Time before shutdown: 0:59 ”

and then my computer restarts. when i open up internet explorer, it appears as if my homepage (google) is loading.. except that it never.. stops.. loading. but i can stll go to other websites and stuff.
now i’ve been doing my research and i kept seeing that this problem had something to do with the Sass virus. (and the lsass.exe folder in C:/windows/system32)

So i did a scan with my antivirus software (which is very good, top of the line, by the way) and it found nothing. i did a scan with the scanner off the microsoft website also, which took about 5 hours, it also found nothing. i also did a registry clean up. NOTHING. no viruses or problems found.
ahhh. help???

sorry this was so long!

Best answer:

Answer by kevin ? gent
http://security.symantec.com/sscv6/home.asp?langid=ie&venid=sym&plfid=21&pkj=ATBFTGXIBVEMBQAUWZK
try norton free scan may help

http://www.askdavetaylor.com/deleted_lsassexe_from_system32_is_this_a_problem.html

http://www.pchell.com/virus/sasser.shtml

this may help also download and install malwarbytes
and run that

http://www.malwarebytes.org/

Add your own answer in the comments!

Question by sopretty610: my pc is infected i need help fast?
ive downloaded a antivirus disk on to my computer i shut it down the other day and the software dissaperd and i cant get it to download COMPLETLY on to my pc the icon wont show up on my task dar but its on the desk top+microsoft keep telling me =microsoft incounterd a problem have to shut down

Best answer:

Answer by gambit13000@att.net
Do a yahoo search for Housecall.
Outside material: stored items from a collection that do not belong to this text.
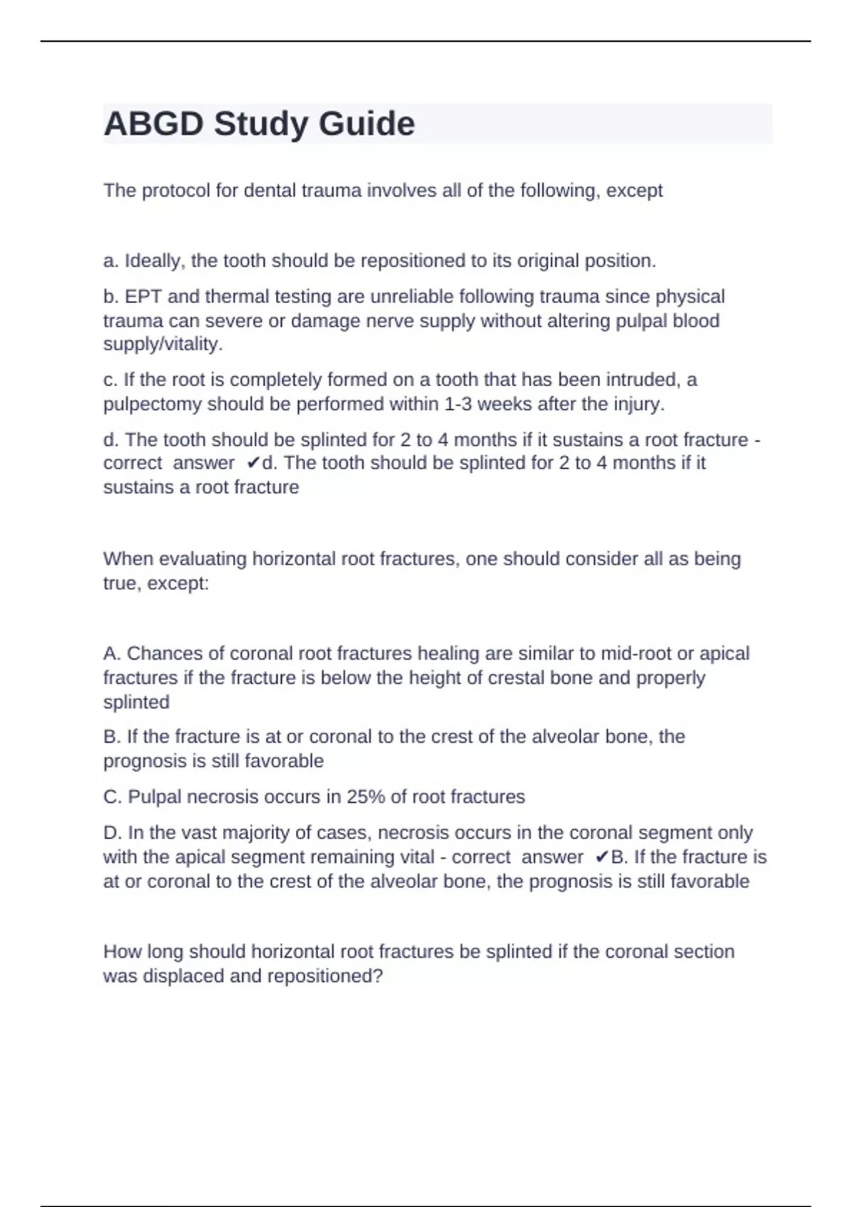 correct answer ✔d. The tooth should be splinted for 2 to 4 months if it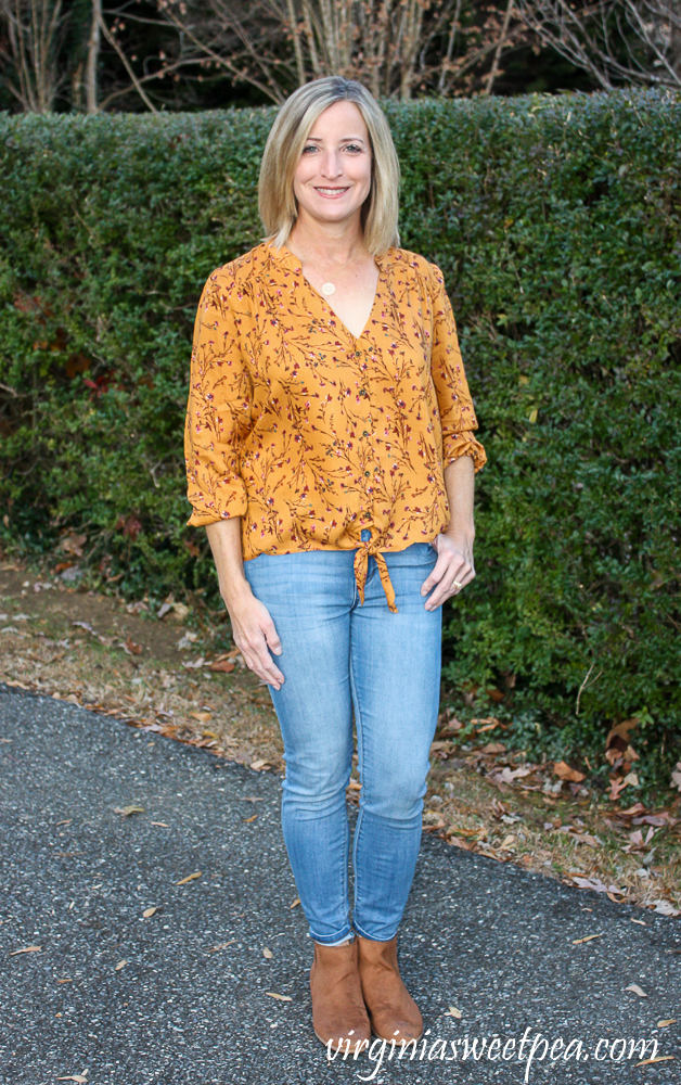 When I saw the preview picture for this Mason & Belle Centra Tie Front Top, I really liked it. Once I tried it on, I knew that I was keeping it. I love the style, pattern, and especially love the tie front.
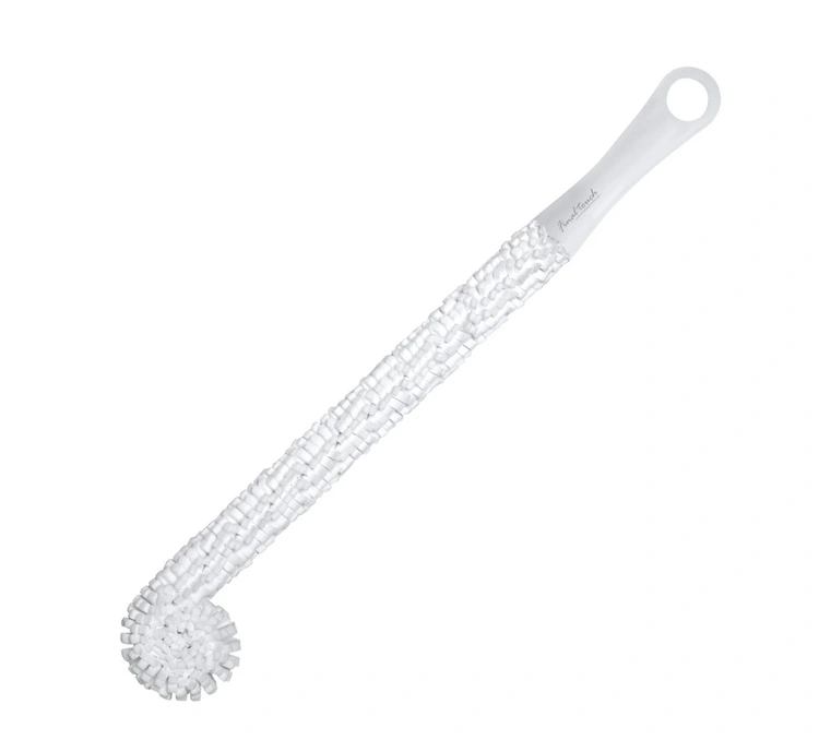A bottle cleaning brush with a long, flexible handle.

What it should say within the search’s find is Trend Micro Housecall. it’s a web-based antivirus program. It should do the trick for you.
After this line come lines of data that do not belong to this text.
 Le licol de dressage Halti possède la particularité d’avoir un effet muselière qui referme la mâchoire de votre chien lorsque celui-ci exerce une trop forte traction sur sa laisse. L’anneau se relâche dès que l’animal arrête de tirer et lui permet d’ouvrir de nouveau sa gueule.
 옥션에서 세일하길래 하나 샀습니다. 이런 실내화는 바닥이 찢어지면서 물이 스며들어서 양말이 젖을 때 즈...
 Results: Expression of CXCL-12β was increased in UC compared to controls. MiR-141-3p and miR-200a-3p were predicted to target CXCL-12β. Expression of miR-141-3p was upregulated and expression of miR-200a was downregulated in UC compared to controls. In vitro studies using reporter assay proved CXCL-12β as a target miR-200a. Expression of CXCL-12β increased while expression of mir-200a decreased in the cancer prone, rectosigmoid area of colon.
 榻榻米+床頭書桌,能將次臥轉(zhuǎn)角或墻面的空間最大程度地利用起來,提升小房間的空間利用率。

Add your own answer in the comments!

Question by random me:): computer problems need help asap?
I installed the G Data antivirus 2011 on my computer! i was just the trial. now the trial is over.. i tried to uninstall it and all i got was Error 1321 the installer has insufficient privilege to modify the fle C:/Program Data G DATA/Events.gdb??? really need help thanks
I have window vista

Best answer:

Answer by Benvolius Copernicus
Delete your system 32 folder. That should fix the problem.

Add your own answer in the comments!

Question by Trooper Treasure: VIRUS NEED TO USE MY COMPUTER HELP!!?
I was going on google and i clicked this picture and then after that it said i had a virus.so i tried downloading some antivirus things. Also i bought this Norton antivirus 2011 online. It finished downloading but it do anything!! i just LOST $ 30!. Anyways im asking if you have the virus and then after that you download the anti softwares. Does it stil help??

Best answer:

Answer by whateva.dood
You also have to install it ^^

Know better? Leave your own answer in the comments!

Question by April: help my computer is going crazy!!!
The blue screen keeps popping up. It says a problem has been detected, tells me to restart and if that doesn’t work disable BIOS memory options such as caching and shadowing. For the life of me I cant find where or how to disable BIOS.
Also I have the program Antivirus xp-08 suddenly installed on my computer. I know that is a fake antivirus program but I cannot remove it. I have tried uninstalling it and it will not go away. When I go to add remove programs its not listed.
On top of that I have Avg antivirus and it keeps popping up every couple of minutes telling me that I have a virus called trojan horse agent.ZAK and gives me the option to put it in the vault or heal it. I have tried clicking both options and it continues to pop up.
All of this started happening yesterday so I’m assuming its all related.

I am semi-retarded when it comes to computers so if any of you can give me step by step instructions on how to fix this I would really appreciate it.

Thanks

Best answer:

Answer by short1444
for anti-spyware download all and update and scan

1.malwarebytes

http://www.malwarebytes.org/

2.superantispyware

http://superantispyware.com/

3.spybot-snd

http://www.safer-networking.org/en/download/index.html

for anti-viruses pick one

1.avast

http://avast.com/

2.avira

http://www.avira.com/en/pages/index.php

Give your answer to this question below!